Birth and early life
In imperial Han myth, Liu Bang's ancestors were the mythical Emperor Yao and the Yellow Emperor. Many ancient Chinese noble families claimed descent from the Yellow Emperor to justify their right to rule.

Liu Bang was born during the late years of the Warring States period; his parents are only remembered as "Liu Taigong" (劉太公; lit. "Old Sir Liu") and "Liu Ao" (劉媪; lit. "Old Madam Liu") His family was from Zhongyang () (Feng () district, Pei County ()) in the state of Chu. According to legend, Liu Bang was conceived after Liu Ao encountered a dragon during a rainstorm.

According to records, the young Liu was outspoken, charismatic, generous, and forbearing, but he had little interest in education or work and frequently ran into trouble with the law; he was dependent on his brother for subsistence and his father called him "little rascal". Later, he became good friends with Zhang Er (, ?–202 BCE), the magistrate of the nearby Waihuang County and former retainer of Lord Xinling. Liu lived with Zhang Er for several months, until the latter went into hiding after the conquest of Chu by Qin.

Liu returned to Pei County. His close friends at the county office, Xiao He and Cao Shen, hid his delinquent behaviour and helped him to be appointed as the local sheriff () at Sishui Pavilion (). Liu Bang forged close relationships with most of the local county bureaucrats, and earned a small reputation in the district. While performing statute labour in Xianyang, the Qin capital, he witnessed Qin Shi Huang undertaking an inspection tour; the royal procession impressed Liu.

Liu's wife, Lü Zhi, was the daughter of Lü Wen (), a wealthy and influential gentry from Shanfu County. After moving to Pei County, Lü Wen held a feast for the local elite. Xiao He, who helped to collect gifts from the guests, declared that a seat inside the hall required gifts worth at least a thousand coins. Liu attended the feast without money, and made an offer of ten thousand coins which Xiao He realized was not serious. Nonetheless, Lü had Liu seated beside him based on appearance alone. Lü, further impressed by Liu in conversation, offered his daughter in marriage. Liu and Lü Zhi were married and had two children, Liu Ying (the future Emperor Hui) and the future Princess Yuan of Lu.

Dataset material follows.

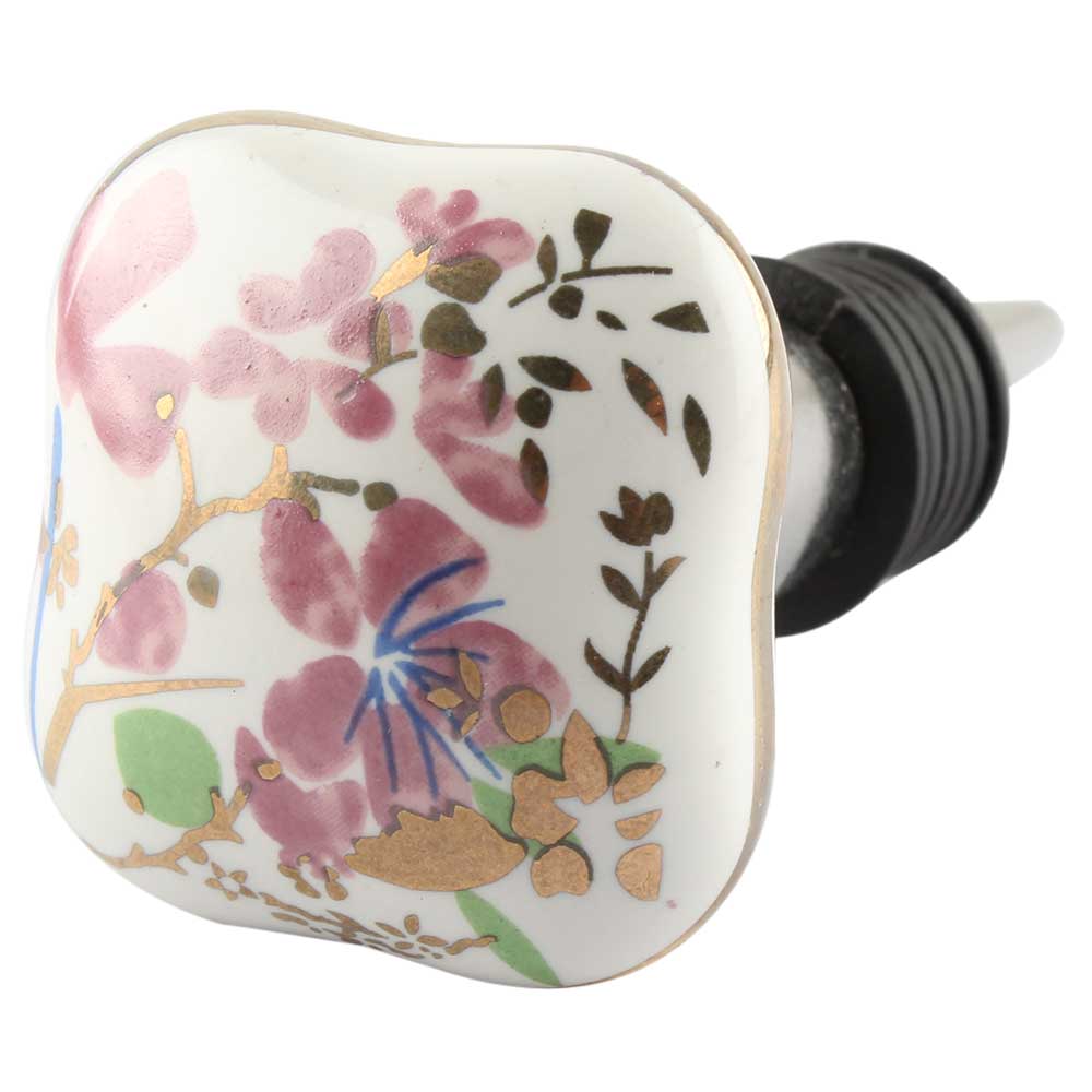 Pink Flower Square Ceramic Wine Stopper. Zinc Alloy Wine Bottle Stopper with Attractive Jute Bag Packaging.

Insurrection against the Qin dynasty

Liu was responsible for escorting a group of penal laborers to the construction site of the First Emperor's mausoleum at Mount Li. During the journey, some prisoners escaped; under Qin law, allowing prisoners to escape was punishable by death. Rather than face justice, Liu freed the remaining prisoners and fled. Liu was joined by some of the grateful ex-prisoners, and he became their leader. They took over an abandoned stronghold on Mount Mangdang. Liu secretly remained in contact with some old friends, including Xiao He and Cao Shen in Pei County.

According to the legend of the "Uprising of the Slaying of the White Serpent" (), Liu's ascension to rulership was prophesied after becoming an outlaw. In the legend, a gigantic white serpent killed some of the outlaws with its poisonous breath; the serpent was killed by a drunk Liu during the night. The next morning, the outlaws encountered an old woman along the road; when asked why she was crying she mysteriously disappeared after replying: "My child, the White Emperor's son, has been slain by the son of the Red Emperor." Liu's reputation grew among his followers, who became convinced of his destiny.

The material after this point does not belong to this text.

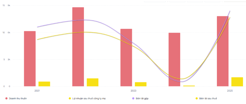 Như vậy, lũy kế cả năm 2025 NT2 đã ghi nhận 7.804 tỷ doanh thu và 999 tỷ lợi nhuận – lần lượt hoàn thành 95% và 359% kế hoạch năm đề ra tại ĐHCĐ. Con số lợi nhuận ấn tượng đạt được nhờ biên lợi nhuận được cải thiện tích cực hơn dự kiến của ban lãnh đạo, cũng như bù doanh thu Qc cao và các khoản doanh thu bất thường chưa được phản ánh. (Hình 2)

In 209 BCE, Chen Sheng and Wu Guang started the anti-Qin Dazexiang Uprising. The magistrate of Pei County considered joining the rebellion, and – on the advice of Xiao He and Cao Shen – invited Liu's group to the county to support him; the invitation was transmitted by Fan Kuai, Liu's brother-in-law. However, the magistrate changed his mind and rescinded the offer; he also ordered Xiao and Cao to be killed lest they open the gates for Liu, but they escaped and joined Liu. On Xiao's advice, Liu secured the aid of commoners from the county beside Pei through written appeals delivered by arrows fired across the border. Peasants responded by killing the Pei County magistrate and welcoming Liu's return. Liu became known as the self-styled "Duke of Pei" ().

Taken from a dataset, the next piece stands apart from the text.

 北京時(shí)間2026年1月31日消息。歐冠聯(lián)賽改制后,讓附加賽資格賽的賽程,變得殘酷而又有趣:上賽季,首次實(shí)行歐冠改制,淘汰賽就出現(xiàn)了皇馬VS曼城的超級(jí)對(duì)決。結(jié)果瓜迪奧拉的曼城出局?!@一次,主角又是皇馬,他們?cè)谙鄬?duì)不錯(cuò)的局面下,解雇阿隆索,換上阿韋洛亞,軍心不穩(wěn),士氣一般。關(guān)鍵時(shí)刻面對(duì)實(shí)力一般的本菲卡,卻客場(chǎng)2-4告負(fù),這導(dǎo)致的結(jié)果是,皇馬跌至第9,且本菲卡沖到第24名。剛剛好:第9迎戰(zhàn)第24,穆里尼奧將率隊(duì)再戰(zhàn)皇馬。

In 208 BC, the Qin empire faced rebellions that sought to restore the states conquered during the wars of unification. In Wu County, the uprising of Xiang Liang – a commoner and son of a Chu general – installed Xiong Xin as "King Huai II" () of Chu. Liu joined Xiang Liang's uprising. After Xiang Liang was killed at the Battle of Dingtao, Huai II sent Xiang Yu – Xiang Liang's nephew – and minister Song Yi to lead an army to reinforce the Zhao state against the attacking Qin.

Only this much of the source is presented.